The popularity of every Star Wars and Star Trek spin-off imaginable on TV streaming services shows how much Americans remain intrigued by the possibility “to boldly go where no man has gone before.” But 53 years after Neil Armstrong first set foot on the moon, our excitement waxes and wanes with the ups and downs of real-world space exploration orchestrated by NASA.

Engineers and technicians assemble the James Webb Space Telescope on Nov. 2, 2016, at NASA’s Goddard Space Flight Center in Greenbelt, Md. Earlier this month, NASA released the first batch of images from the telescope, photographs that widely impressed viewers. Alex Wong/Getty Images/TNS

Consider a spate of recent news stories which have alternately grabbed brief snatches of our attention or been mostly greeted by yawns.

Earlier this month, NASA released the first batch of images from the James Webb Space Telescope, photographs that widely impressed viewers (although there were more than a few who compared the latest views of these celestial bodies to upholstery swaths). The price tag for those photos? Close to $11 billion and counting, and Americans are split over whether it was money well spent. In a recent poll, 60 percent of respondents said the telescope was a good investment, while about 40 percent were either unsure or thought it wasn’t worth it.

The possibility that aliens might have dumped junk on the moon raised eyebrows last month when NASA released photographs of an unusual double crater left behind by something that had smashed into the far side of the moon in March. The ho-hums came when it was later explained that the craters most likely were created by part of a Chinese rocket launched in 2014. It eventually fell from space and crashed on the moon instead of burning up in the Earth’s atmosphere as planned. China denies this. But does China ever admit a mistake?

Barely making the news was the June 28 launch of a spacecraft called CAPSTONE that was built by several NASA contractors and is operated by a private company, Advanced Space. After a four-month journey, CAPSTONE will orbit the moon for six months gathering information useful to future moon missions.
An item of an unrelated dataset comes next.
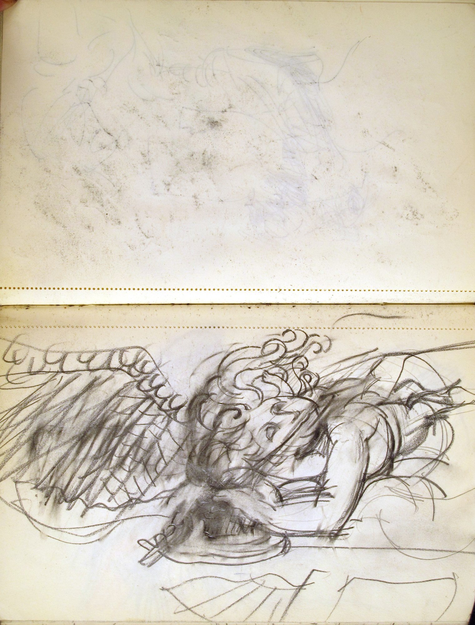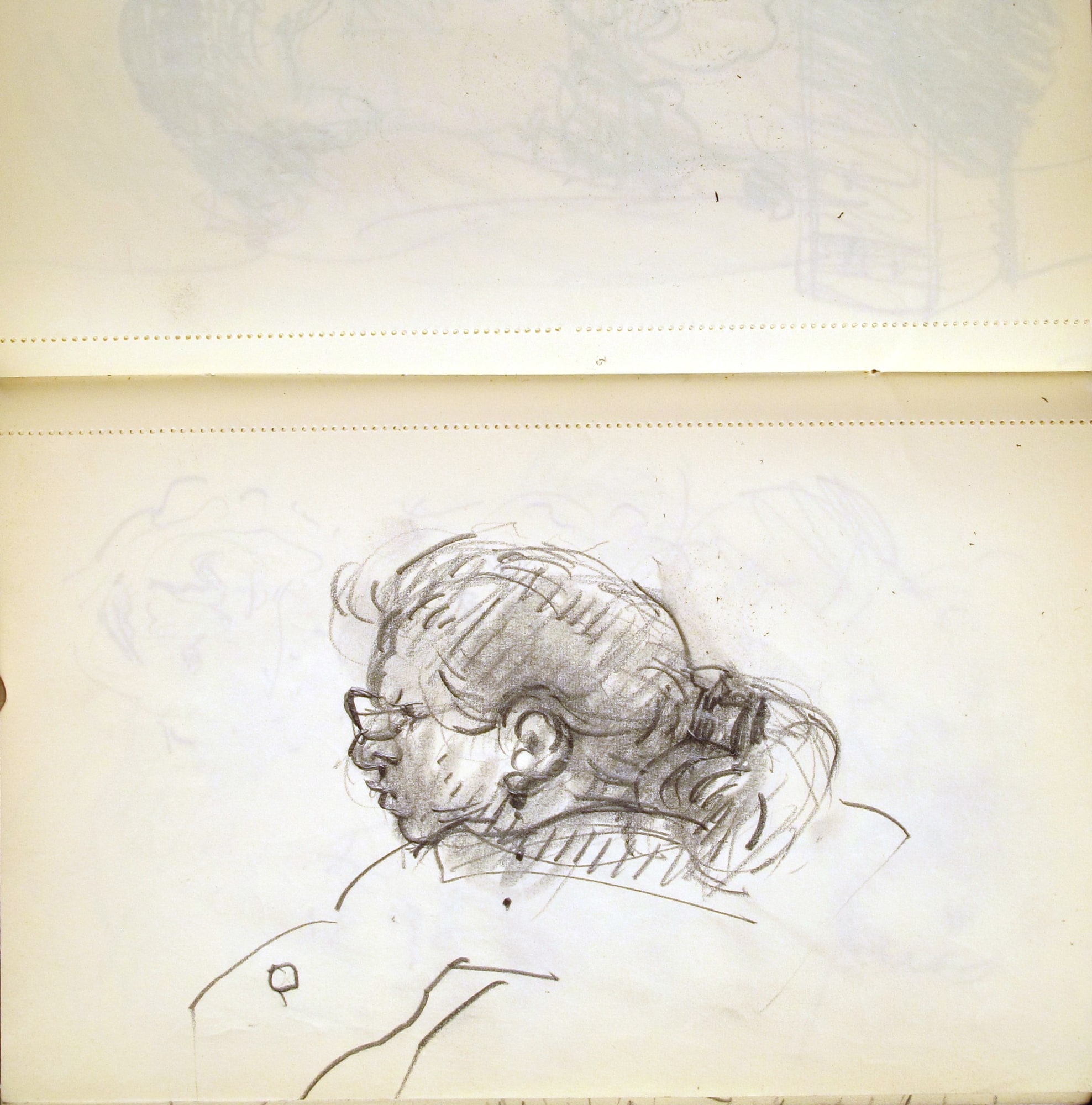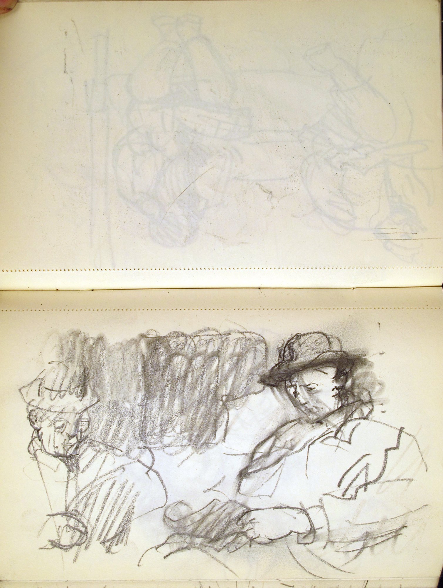 • Sketchbook #2002 pencil sketches [1973-1974] commuters, Christmas angels

The $30 million project reminds us that even with the private sector doing more and more of what NASA used to do on its own, space exploration still isn’t cheap.

The Trump administration commanded NASA to return to the moon by 2024, but a number of funding and development delays have made that goal fluid. SpaceX, owned by Tesla founder Elon Musk, won the $2.9 billion contract to develop the Artemis lunar landing system that NASA hopes will put humans on the moon for the first time since 1972. The space agency has defended Artemis’ cost, saying the lunar landers it built for the Apollo program would cost $23 billion each in today’s dollars.
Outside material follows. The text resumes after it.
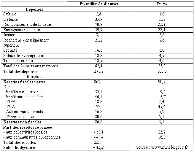 Questions- Lire et interpréter les chiffres en gras (solde budgétaire et service de la dette).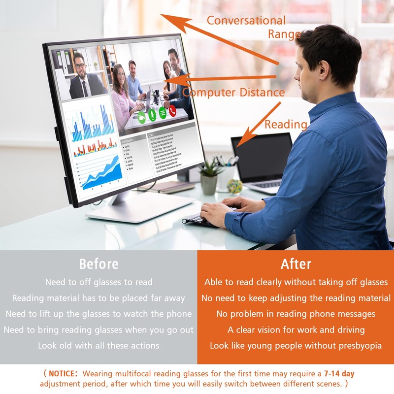 - NOTE : Before selecting the correct magnification, it is recommended to consult an optometrist for accurate magnification recommendations. Otherwise, the multiple is too strong or too weak, will cause blurred vision or dizziness. Please choose carefully. After the age of 40, vision changes from year to year and requires the attention of the buyer. For first-time multifocal reading glasses wearers, it can take one to three weeks to get used to.

NASA contractors are also building separate units of a lunar space station that it’s calling Gateway. It will have docking ports for visiting spacecraft and areas for crews to live and work. The space agency is paying companies Northrop Grumman $935 million to build Gateway’s living area and Maxar $375 million to build its propulsion unit. However, some estimates say almost $4 billion may be spent on Gateway before the project is finished.

Whether that kind of money stays with NASA or is beamed to Musk’s SpaceX or Jeff Bezos’ Blue Horizon, taxpayers footing the bill should continue asking if manned space exploration is still too expensive. NASA has many missions in which the only human involvement is by long distance from Earth. Should it continue paying steep prices to send humans when expendable machines could travel for much less? In most cases, automated probes and other calibrated machines might do the job.

The moon has not been a manned space flight destination for 50 years because the expense of a return didn’t seem worth it. Even now, renewed interest in the moon is based on using it as a base to send humans to Mars. The red planet has become the bauble dangled before Congress each year to entice NASA’s budget approvals. Stretching its spending across more years doesn’t mean space exploration would end. It might take more time but, as Einstein explained, time is relative.